世界経済フォーラム(WEF)が2019年12月17日に発表した「ジェンダー・ギャップ指数(男女平等指数)」。日本の順位は調査対象153カ国のうち121位とさらに後退し、「過去最低」のスコアとなった。ジェンダー・ギャップ指数とは、経済・政治・教育・健康の4分野14項目のデータを基にして、それぞれの国の男女格差を分析したものだ。女性活躍を政府・企業ともに推進しているはずが、中国・韓国・アラブ首長国連邦(UAE)より下位に位置する日本。各界のリーダー達に意見を聞いた。
ジェンダーギャップ指数過去最低、そんなに騒ぎ立てること!?
新卒で電通へ入社して、フランス系外資企業に転職したあと、2018年FABRIC TOKYOに入社。同時にパラレルキャリアで起業した、森本萌乃さん(29歳)。森本さんがジェンダー・ギャップ指数121位に対して思う、率直で等身大なメッセージを聞きました。

2019年末に発表されたジェンダーギャップ指数のニュース。ソーシャル上でも多くの議論が生まれ、日経doorsでも有識者の方が次々に話されているので、私が何か新しい知識をご提示するのは難しいなと感じていました。なので、私はもっと個人的な目線からこのテーマについて触れてみたいと思います。
ジェンダーギャップ指数についての今回の報道を受けて初めて知ったのですが、この指数は、国力にかかわらず、各観点から純粋に「男女の人数の平等性」を評価しているものなんですよね。なので、今回日本が過去最低の順位をマークしたこと自体は、「そんなに絶望することではないのかな」と個人的には感じています 。なぜなら人数が平等になっても、根本で、多くの女性が求める男女平等な日本にはならないと思うから。
表面的な数字に注目して「女性の割合を増やす」ということは、例えばカリキュラムは据え置きで男子校をいきなり共学にするようなものだと思います。仮に同数の男女を迎えて共学にするのなら、その学校はトイレや更衣室を新たに作らなくてはいけない。制服について考え直したり、席替えや出席番号の在り方についても新たに考えたりする必要がある。これは社会でも同じことが言えると私は考えていて、本当にジェンダーギャップを埋めて男女平等な社会を実現するためには、このジェンダーギャップ指数では顕在化できない、設備・ルール・規則などの実態が伴わないと意味がないはずなんです。

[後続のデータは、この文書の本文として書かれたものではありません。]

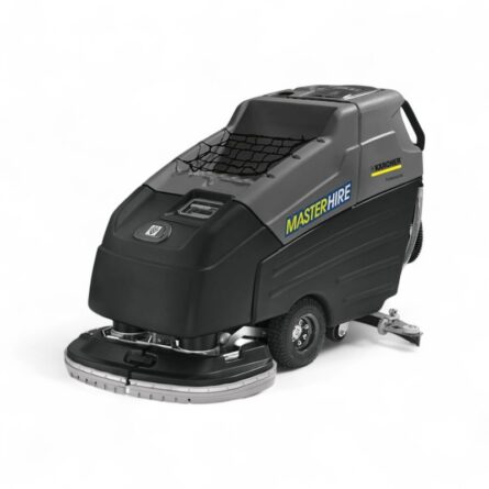 Master Hire’s walk behind twin head floor scrubbers are suitable for cleaning or polishing level floor surfaces. The units are self-propelled, battery operated and are fitted with a 95L water reservoir tank. Water is released as the machine moves along the ground to help lift the dirt as it vacuums it up behind the rotary scrubber. It has multiple speed settings to assist in getting a balance between the water being released and the vacuum collecting the dirty water as you move and has a Practical working capacity of 2,675 m2/h.

ただその一方で、この数値が持つ世界的なインパクトについても、痛烈に感じています。「こんなに世界中から注目を集める指標なんだから、さっさと順位を上げる取り組みだけでもしようよ~日本」とも思ったり。急速に順位を上げてきている国々は、こういう表層的なものこそ、国のイメージ醸成にどれほど大切な要素となるかを熟知しているのかもしれません。